● Collected material:
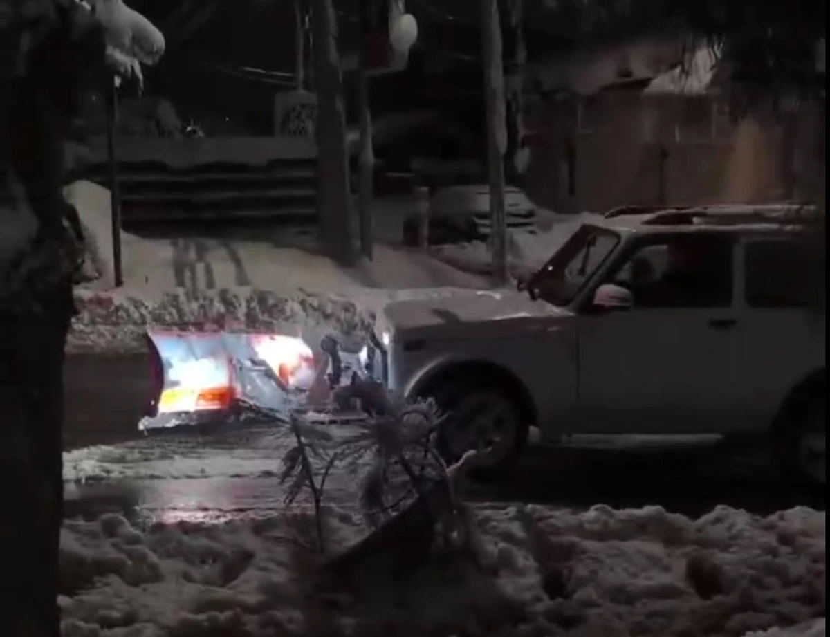 На кадрах белая «Нива» с помощью небольшого оранжевого отвала — ковша, прикрепленного спереди транспортного средства, для уборки снега на дорогах — расчищает одну из улиц поселка Красная Поляна. Машина выезжает на дорогу, разворачивается, опускает ковш и убирает им лежащий на проезжей части снег.
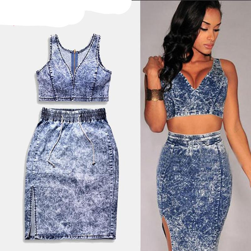 Step out in confidence this season wearing the Sexy Denim Crops Tops And Skirt 2 Piece Set Deep V Neck High Waist Elastic Snowflakes Package Hip Corset Hollow-Out Set. Contact us for more detailed sizing information and make this stunning set a staple in your summer collection!
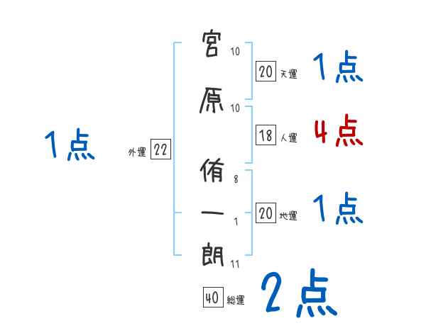 外運![]() | 宮原侑一朗さんの外運は22画の1つ星!努力することが苦手ないっぽう手先が器用。芸術性にも優れる。 生活面を象徴する運勢です。外部から受ける影響力を表し、結婚運、家庭運や職場、環境への順応性を表します。 |

● Work item:
Word for word, quote the full listing, omitting every picture.

● Task result:
 На кадрах белая «Нива» с помощью небольшого оранжевого отвала — ковша, прикрепленного спереди транспортного средства, для уборки снега на дорогах — расчищает одну из улиц поселка Красная Поляна. Машина выезжает на дорогу, разворачивается, опускает ковш и убирает им лежащий на проезжей части снег.
 Step out in confidence this season wearing the Sexy Denim Crops Tops And Skirt 2 Piece Set Deep V Neck High Waist Elastic Snowflakes Package Hip Corset Hollow-Out Set. Contact us for more detailed sizing information and make this stunning set a staple in your summer collection!
 外運![]() | 宮原侑一朗さんの外運は22画の1つ星!努力することが苦手ないっぽう手先が器用。芸術性にも優れる。 生活面を象徴する運勢です。外部から受ける影響力を表し、結婚運、家庭運や職場、環境への順応性を表します。 |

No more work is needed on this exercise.